You beat me to the punch after our little chat.
Hey Andrew,
I’m going to have to disagree with you on this one!
While I wouldn’t use it as a main source of traffic and income over the last month over 1,000 people have click on my links in twitter posts.
Now I’ve got my twitter linked to my other social sites and blogs so when I tweet it’s copied into across multiple sites and that’s where the traffic really starts to multiply depending on the time of day I can have 60 clicks within 2mins of posting a link.
Myles,
I don’t believe Twitter isn’t a viable source for traffic as far as niche marketers are concerned. It’s a networking tool.
1000 people over a month isn’t that much traffic either – did you see if it made sales? And is this the IM market?
Too much work to invest.
“1000 people over a month isn’t that much traffic either”

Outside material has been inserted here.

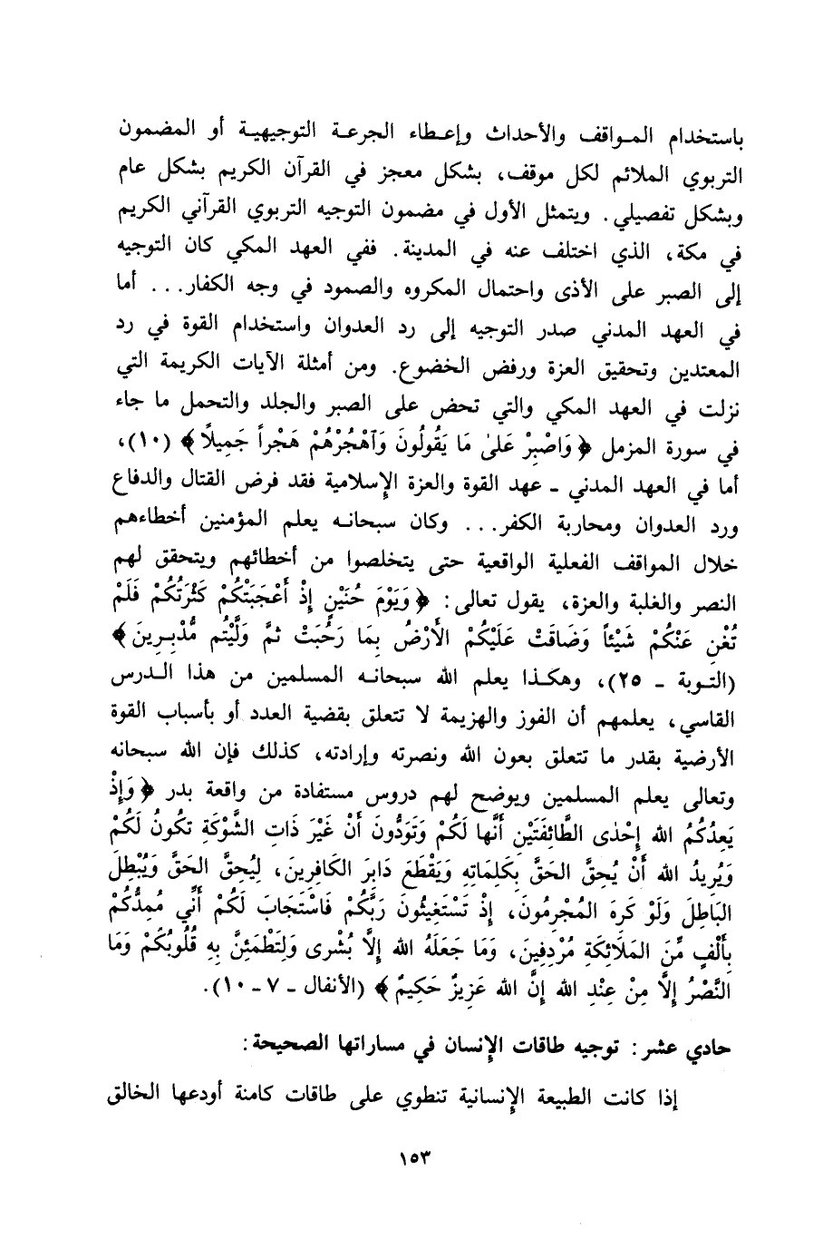 باستخدام المواقف وإعطاء الجرعة التوجيهية أو المضمون التربوي الملائم لكل موقف، بشكل معجز في القرآن الكريم بشكل عام وبشكل تفصيلي، ويتمثل الأول في مضمون التوجيه التربوي القرآن الكريم في مكة، الذي اختلف عنه في المدينة، ففي العهد المكي كان التوجيه إلى الصبر على الأذى واحتمال المكروه والصمود في وجه الكفار.. أما في العهد المدني صدر التوجيه إلى رد العدوان، واستخدام القوة في رد المعتدين وتحقيق العزة ورفض الخضوع، ومن أمثلة الآيات الكريمة التي نزلت في العهد المكي والتي تحض على الصبر والجلد والتحمل ما جاء في سورة المزمل: {وَاصْبِرْ عَلَى مَا يَقُولُونَ وَاهْجُرْهُمْ هَجْراً جَمِيلاً} [المزمل: 10] أما في العهد المدني عهد القوة والعزة الإسلامية فقد فرض القتال والدفاع ورد العدوان ومحاربة الكفر ... وكان سبحانه يعلم المؤمنين أخطاءهم خلال المواقف الفعلية الواقعية حتى يتخلصوا من أخطائهم، ويتحقق لهم النصر والغلبة والعزة، يقول تعالى: {وَيَوْمَ حُنَيْنٍ إِذْ أَعْجَبَتْكُمْ كَثْرَتُكُمْ فَلَمْ تُغْنِ عَنْكُمْ شَيْئاً وَضَاقَتْ عَلَيْكُمُ الأَرْضُ بِمَا رَحُبَتْ ثُمَّ وَلَّيْتُمْ مُدْبِرِينَ} [التوبة: 25] وهكذا يعلم الله سبحانه المسلمين من هذا الدرس القاسي، يعلمهم أن الفوز والهزيمة لا تتعلق بقضية العدد أو بأسباب القوة الأرضية بقدر ما تتعلق بعون الله ونصرته وإرادته، كذلك فإن الله سبحانه وتعالى يعلم المسلمين ويوضح لهم دروس مستفادة من واقعة بدر: {وَإِذْ يَعِدُكُمُ اللَّهُ إِحْدَى الطَّائِفَتَيْنِ أَنَّهَا لَكُمْ وَتَوَدُّونَ أَنَّ غَيْرَ ذَاتِ الشَّوْكَةِ تَكُونُ لَكُمْ وَيُرِيدُ اللَّهُ أَنْ يُحِقَّ الْحَقَّ بِكَلِمَاتِهِ وَيَقْطَعَ دَابِرَ الْكَافِرِينَ، لِيُحِقَّ الْحَقَّ وَيُبْطِلَ الْبَاطِلَ وَلَوْ كَرِهَ الْمُجْرِمُونَ، إِذْ تَسْتَغِيثُونَ رَبَّكُمْ فَاسْتَجَابَ لَكُمْ أَنِّي مُمِدُّكُمْ بِأَلْفٍ مِنَ الْمَلائِكَةِ مُرْدِفِينَ، وَمَا جَعَلَهُ اللَّهُ إِلاَّ بُشْرَى وَلِتَطْمَئِنَّ بِهِ قُلُوبُكُمْ وَمَا النَّصْرُ إِلاَّ مِنْ عِنْدِ اللَّهِ إِنَّ اللَّهَ عَزِيزٌ حَكِيمٌ} [الأنفال: 7-10] .

So if you sent say an email to 3000 people and only 1000 people clicked what’s the difference?
Email = 15 mins plus sending time and formatting etc.
Twitter = 2 mins direct to the point with a link.
Yes I made sale and commissions I’m not really in the IM niche but Joel Comm is and his using it to promote his new book and IPhone application.
Other great uses.
Survey’s
Product testing
Hey Myles,
Thanks for your input.
I don’t deny that you can generate traffic from it. And I don’t deny that it can help you with networking.
You mention 2 mins for a twitter post – but how many posts did you make in the month? How much time did you spend adding all the people to your followers to make the twitter posts effective?
What I want someone to prove is that you can spend an hour a day on twitter, and an hour a day on SEO/creating new offers/market research/testing affiliate programs/ other activities… and tweeting is going to make you more money for the time you spend.
And the market is important too. As I’ve mentioned before, you’re not going to see any results unless you’re in a market like IM where your customers are tech related, they hang out online, and use twitter. That cancels most “niche” marketers out right there.
At the end of the day, I still feel that an ass tattoo paraded in the perfectly trafficked public place – coupled with an arrest, a tv interview, and a dash of public notoriety would on the whole generate more traffic.
Andrew
Andrew,
Could you explain why mega marketers, like John Reese, twit like mad while they lead up to a product launch?
And while most twit-heads blast sales links on twitter, the ones that seem to “get it” post really neat, useful stuff, and then slowly build up to any launches they are doing.
I think John did about 1-3 million in the first two days…
I agree – while Twitter may be a good tool, I think time is spent much better on different marketing activities.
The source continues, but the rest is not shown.